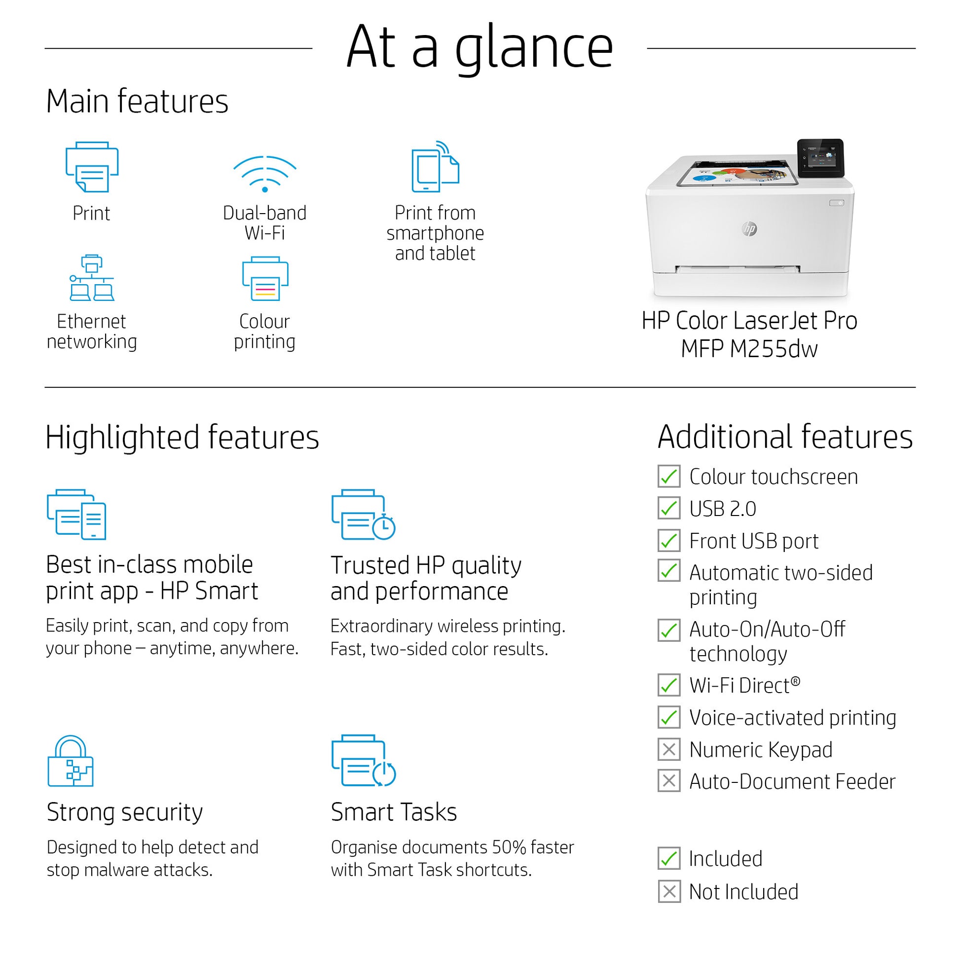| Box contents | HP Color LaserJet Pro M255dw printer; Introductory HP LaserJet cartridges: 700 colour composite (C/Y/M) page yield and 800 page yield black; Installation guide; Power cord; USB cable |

# # # #

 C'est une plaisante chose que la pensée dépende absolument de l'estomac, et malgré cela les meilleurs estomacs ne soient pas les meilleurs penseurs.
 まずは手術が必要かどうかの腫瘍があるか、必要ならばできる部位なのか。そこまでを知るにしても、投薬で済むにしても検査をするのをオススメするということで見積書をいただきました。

# # # #

→ What is required
Beginning with the line containing "C'est une plaisante" and ending with the line containing "まずは手術が必要かどうかの腫", extract those lines exactly from the listing above, and only those.

→ Answer
 C'est une plaisante chose que la pensée dépende absolument de l'estomac, et malgré cela les meilleurs estomacs ne soient pas les meilleurs penseurs.
 まずは手術が必要かどうかの腫瘍があるか、必要ならばできる部位なのか。そこまでを知るにしても、投薬で済むにしても検査をするのをオススメするということで見積書をいただきました。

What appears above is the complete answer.